Paintbrush Divide Trail
What to Expect
Safety Advisory
The divide sits above ten thousand feet with zero shelter — electrical storms develop rapidly on summer afternoons and the ridge is the highest point around. If clouds are building, descend immediately.
Snow fields on the north side of the divide can persist through late July and sometimes into August. Without microspikes or an ice axe, a slip on hard-packed morning snow above the rocky talus below is genuinely dangerous.
This is prime grizzly and black bear territory, especially in Paintbrush Canyon. Carry bear spray accessible on your hip, not buried in your pack, and make noise through the brushy lower canyon sections.
Trail Details
Pro Tips
Most hikers tackle this as part of a loop combining Paintbrush Canyon and Cascade Canyon — go up Paintbrush and descend Cascade, not the reverse.
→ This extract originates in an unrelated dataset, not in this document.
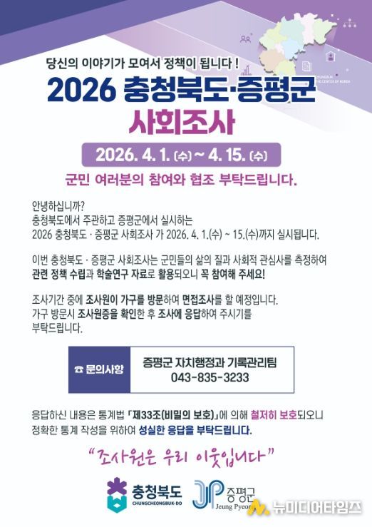 충북 증평군은 오는 4월 1일부터 15일까지 군민의 생생한 목소리를 담아내는‘2026 사회조사’를 실시한다고 밝혔다.

The Paintbrush side is steeper and far more punishing on the knees going down.
Start before dawn from the String Lake trailhead to hit the divide by midday — afternoon thunderstorms roll in fast above treeline, and you do not want to be on that exposed saddle when lightning starts popping.
The views from the divide itself are spectacular, but the best photo spot is actually about a quarter mile down the Cascade Canyon side, where you get Lake Solitude framed perfectly against the Grand Teton.